Brad Bumsted, former bureau chief for LNP Media Group’s The Caucus and author of the 2013 book, “Keystone Corruption: A Pennsylvania Insider’s View of a State Gone Wrong,” said some lawmakers still are abusing taxpayer dollars by inflating mileage reimbursements and taking per diems on top of their six-figure salaries.
These practices may not constitute the crime of the century, but they’re still unseemly.
Republican state Rep. Brett Miller, of East Hempfield Township, is the prime sponsor of House Bill 1053, which would prohibit per diem payments and reimburse legislators only for documented expenses.
“There are many people who, for instance, will submit for the per diem who will go out for dinner (on) a lobbyists’ dime — and yet they’ll collect the per diem as if they incurred that expense,” Miller told The Center Square, a news service, in 2023. “Same with hotels.”
Miller has proposed his bill before. We hope it gets to the floor for a vote.
And while Pennsylvania’s minimum wage remains, despite Democratic efforts, at a woefully inadequate $7.25 per hour — the same as the federal minimum wage — state lawmakers receive automatic cost-of-living pay raises each year that are tied to inflation.
As The Associated Press reported, more than 1,300 state officials, including Shapiro and all 253 lawmakers, got a pay raise of 3.4% in 2025. How many of their constituents were as fortunate?
Legislative efforts to eliminate that automatic pay bump have failed to gain traction.
Harrisburg’s resistance to reform is embodied by Republican state Rep. Russ Diamond of Lebanon County. After the infamous pay raise of 2005, Diamond launched an anti-incumbency organization, Clean Sweep PA. And then he made multiple attempts to get himself elected to public office.

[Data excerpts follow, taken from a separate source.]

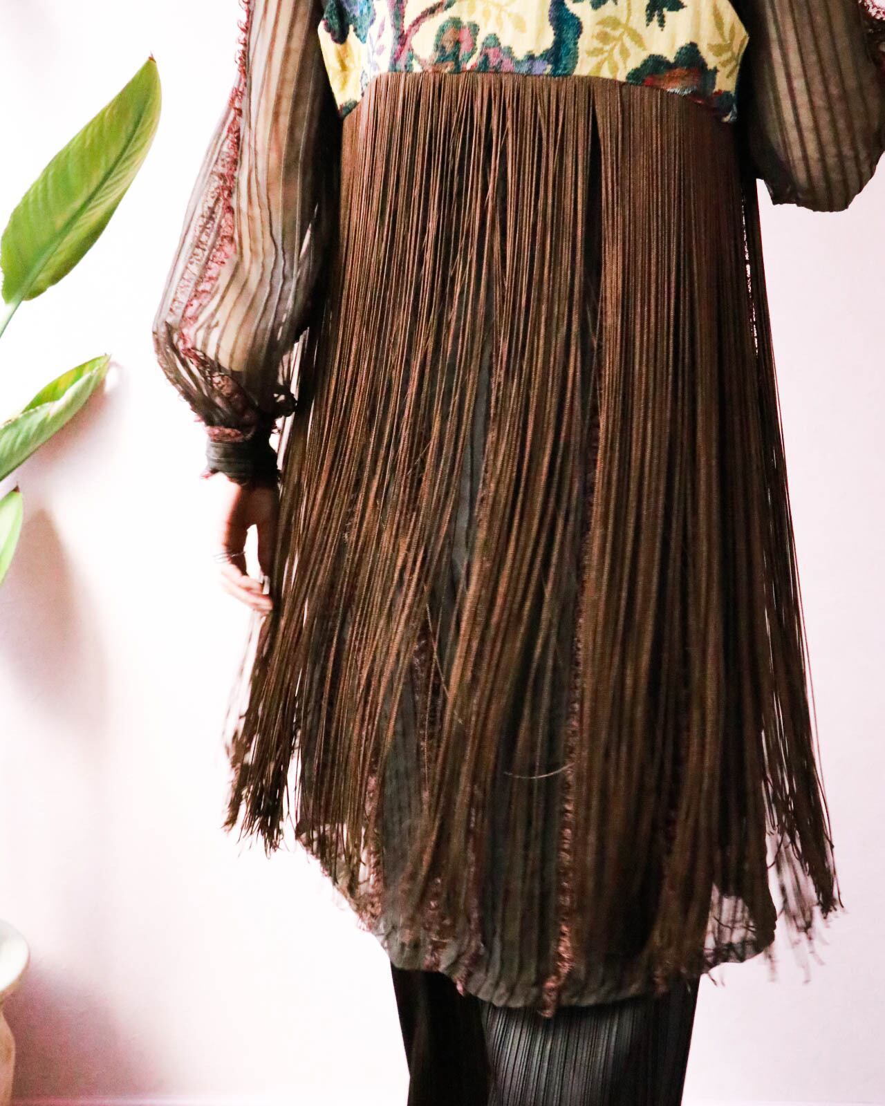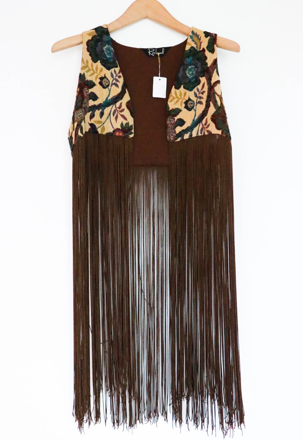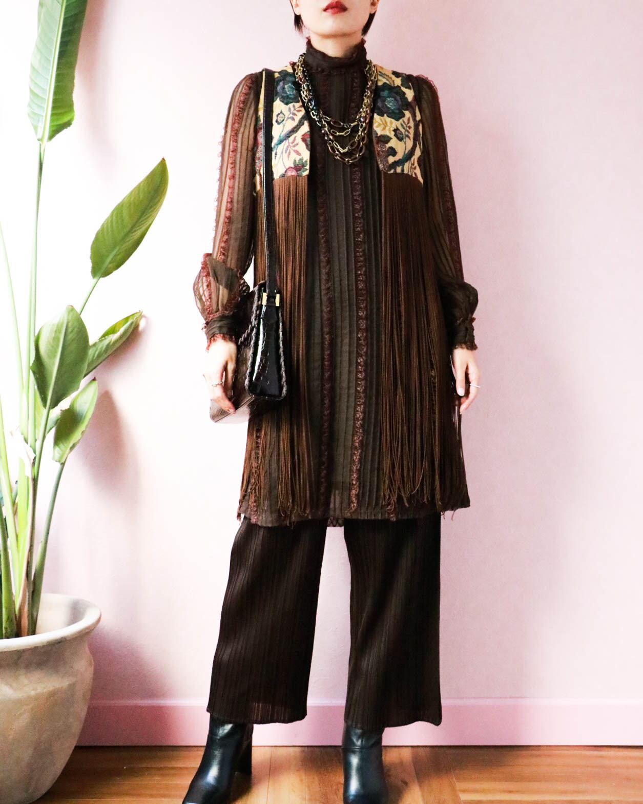 アクセサリー感覚で取り入れたいアイテムの一つであるヴィンテージベストはデザインで選びたい。ゴブラン織と繊細なフリンジの組み合わせはあるようで中々見つからない一点です。揺らすために存在するこの長さ...ブラウスの上やトレンチコートなどアウターの上からさっと羽織って個性を楽しんでみては。
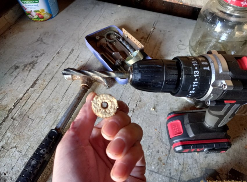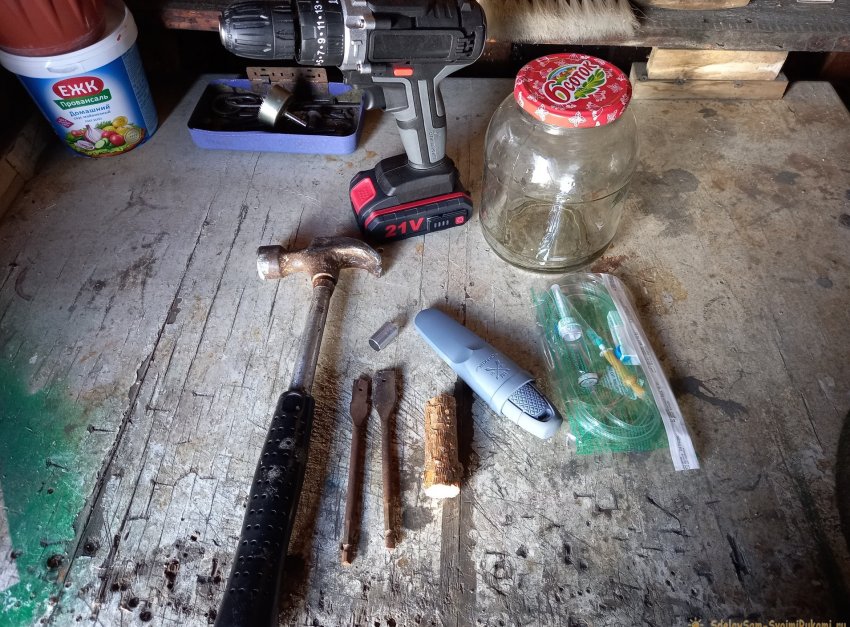 Крышка нужна, чтобы в банку с соком не лезли мухи, муравьи, и прочие любители глюкозы. На том подготовка материала закончена, и пора приступать к установке. При помощи дрели и пера на 20 мм, делаем в стволе углубление около 3см глубиной.
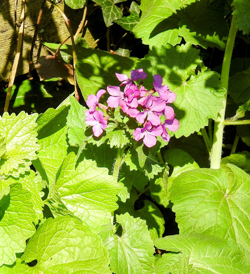 The flowering plant, Honesty, growing abundantly along Peckham's Copse Road.
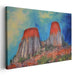Introducing 'Majestic Buttes at Sunset,' a captivating canvas art print that transports viewers to a breathtaking landscape of towering rock formations basking in the glow of a vivid sky. This mesmerizing artwork features two prominent buttes, rising majestically above a rugged terrain, their fiery red surfaces illuminated as if kissed by the setting sun.
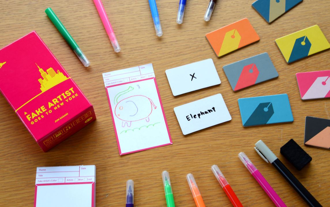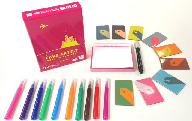 A Fake Artist Goes to New York is our Game of the Month for August 2025. The game was designed by Jun Sasaki and published by Oink Games, publishers of a previous game of the month, Scout. It is a social deduction party game that sees players drawing a collaborative image based on a prompt. This is done one line at a time, as players pass the paper around until each player has taken two turns with the uniquely-coloured pen. The thing is, one player does not know what the group is trying to draw, and must hide this fact. They win if they are not caught. They also win if they are caught, but can, in response, guess the prompt word. This means that players need to be subtle and not too obvious in their drawing. They need to show just enough to signal to the others that they know the prompt, but not enough to make the prompt explicit to the fake artist.

After finally winning a seat in the state House of Representatives in 2014, Diamond apparently lost interest in fighting incumbency. He is now serving his sixth term.
Good-government activist Gene Stilp — who famously flew a giant inflatable pink pig on the Capitol steps at a 2005 protest — regards Diamond as a “sellout.” Diamond, Stilp noted, has accepted the automatic cost-of-living raises and has failed as a legislator to propose government reforms.

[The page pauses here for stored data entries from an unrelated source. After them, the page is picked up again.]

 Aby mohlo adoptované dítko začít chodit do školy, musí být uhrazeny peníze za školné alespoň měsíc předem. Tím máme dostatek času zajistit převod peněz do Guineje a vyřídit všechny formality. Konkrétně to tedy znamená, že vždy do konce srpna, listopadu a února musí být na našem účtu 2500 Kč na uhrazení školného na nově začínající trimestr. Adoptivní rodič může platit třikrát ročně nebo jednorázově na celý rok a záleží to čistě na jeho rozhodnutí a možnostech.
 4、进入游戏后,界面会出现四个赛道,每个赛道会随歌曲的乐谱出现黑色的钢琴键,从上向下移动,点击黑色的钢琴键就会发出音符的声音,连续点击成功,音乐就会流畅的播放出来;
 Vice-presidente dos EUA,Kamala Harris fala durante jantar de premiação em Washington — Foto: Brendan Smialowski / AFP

“This place works a lot different when you’re actually here, you know you have to actually try to get things done, and throwing rocks at all your colleagues is not the way to do it,” Diamond said, in response.
That feeble excuse is an example of moral compromise, of feeding at the public trough he once criticized. This isn’t the worst of Diamond’s utterances as a lawmaker (there are other, more egregious examples). But what is this getting “things done” he speaks about?
Also, being a state lawmaker is a well-paid gig, so why rock the boat by demanding reform?
As Stilp put it, the state Legislature is “like a giant, well-protected amoeba that changes shape to protect its own survival.”
It only will change shape when we demand it. We ought to demand it.